File photo of a Chadian gendarme patrolling in front of cremated houses in N’Gouboua, near Lake Chad. (Photo by AFP)

At least 26 Chadian soldiers have been killed by suspected, Daesh-linked Boko Haram terrorists in an armed assault on their patrol convoy in the general area of Lake Chad, an army spokesman says. 

Fourteen other soldiers were injured during the encounter that eventually resulted in the army forces repulsing the assailants, said General Azem Bermandoa.

The impoverished Central African nation remains a key contributor to a multinational force in the area fighting the Boko Haram insurgency that broke out in northeast Nigeria in 2009 and amid increasing military interference in the resource-rich region by Western colonialist countries, particularly France and the US.

The Boko-Haram insurgency has so far killed more than 30,000 people and forced the displacement of nearly two million people.

The development came just days after suspected terrorists ambushed soldiers near Niger’s border with Burkina Faso, killing 15 of them and wounding seven others.

The attack took place in the Torodi area of the Tillaberi region that lies along the common border, also bordering neighboring Mali, according to Niger’s defense ministry. The area has been the target of frequent armed attacks by militants in the region. 

The attacks come while the region, where the countries’ borders come together, has been placed under the surveillance of a hundreds-strong task force.

Last month, a report by a UK-based investigative group confirmed that an airstrike by French forces in Mali early this year killed 19 civilians. 

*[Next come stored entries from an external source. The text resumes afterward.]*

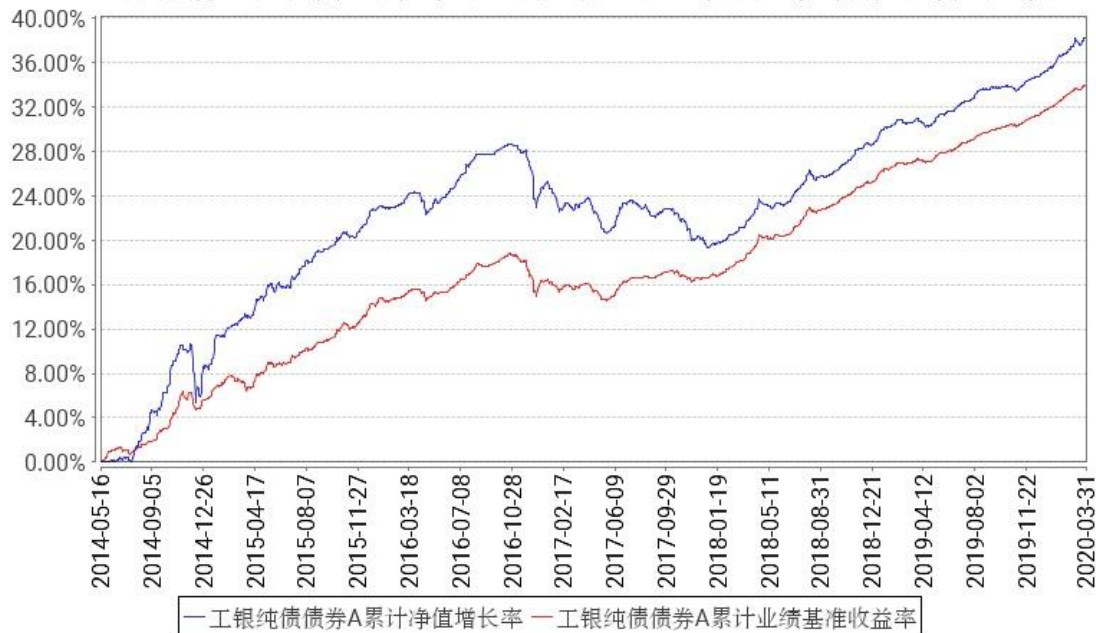
工银纯债债券A累计净值增长率与同期业绩比较基准收益率的历史走势对比图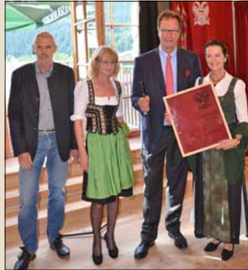
Schlüsselübergabe durch Architektenteam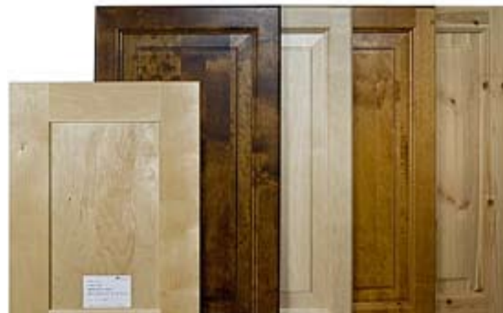
Aremark-bedriften selger kjøkkeninnredninger i heltre.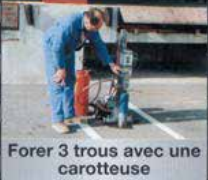
Forer 3 trous avec une carotteuse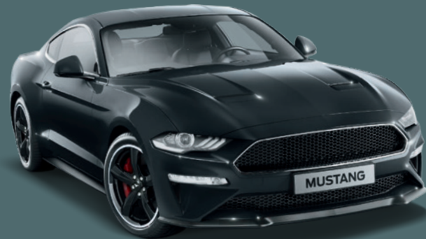
Iridium-Schwarz Mica 2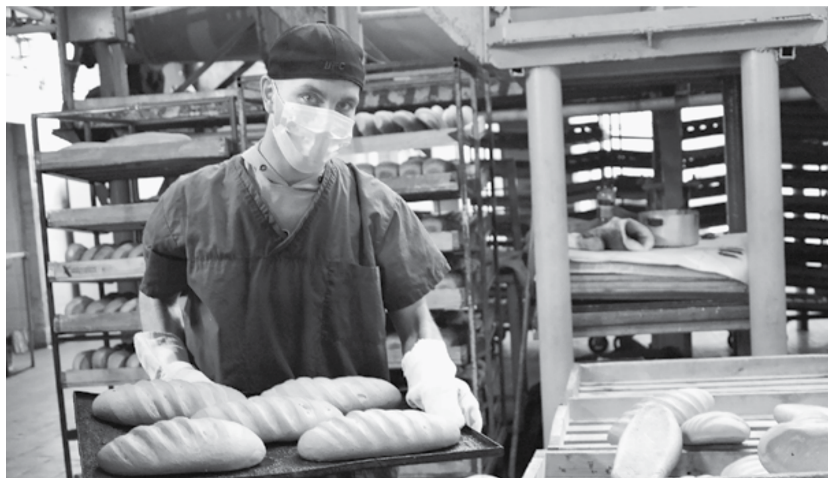
Батоны пользуются неизменным спросом.

The report, released by London-based international law firm Stoke White Investigations on July 26, concluded that French drones bombed a wedding ceremony in a village in central Mali on January 3.

The report contradicted France’s claim that its forces had attacked an armed “terrorist group” affiliated with al-Qaeda in Bounti village in Mali as part of a military intervention code-named Operation Barkhane in West Africa’s Sahel region.

The report underlined that “France has a systematic problem in admitting and identifying casualties and/or injuries as a result of its military actions.”

In July, French President Emmanuel Macron declared that his country would soon withdraw more than 2,000 troops from West Africa’s Sahel region and would begin the process of shutting its bases in northern Mali later this year.

Macron, however, insisted that France would maintain its military presence in Africa, claiming that it would focus on “neutralizing” what he referred to as “extremist operations and strengthening and training local armies.”

In 2013, France, a former colonizer of Africa, deployed thousands of soldiers to presumably prevent separatist forces from reaching Mali’s capital, Bamako.

The French Barkhane force -- operating in Mali, Chad, Niger, Burkina Faso, and Mauritania -- currently has more than 5,100 troops in the region in purported efforts to counter militants it claims are linked to the al-Qaeda and Daesh militants.

The military intervention, however, has come at a cost. Five French soldiers were killed in Mali in recent months and Malian citizens have protested France’s military presence in the streets as well as on social media platforms.

The US also maintains a substantial military presence across Africa. In its latest military operation in Africa, the Pentagon announced on July 20 that its had conducted another airstrike against suspected al-Shabab militants in Somalia after the former Trump administration withdrew American troops from the country last December.

The latest bombing in Somalia came despite limits put in place by the current US President Joe Biden on attacks outside active war zones.

After the bombing, Pentagon spokeswoman Cindi King claimed that the US military command for Africa (AFRICOM) had conducted a drone strike in coordination with the Somali government "in the vicinity of Galkayo, Somalia."

Human rights groups have long called for an end to the US drone strikes that Washington claims are conducted against terrorists. 

In June, more than 100 organizations in the US and around the world urged President Joe Biden to put an end to "the unlawful program of lethal strikes outside any recognized battlefield."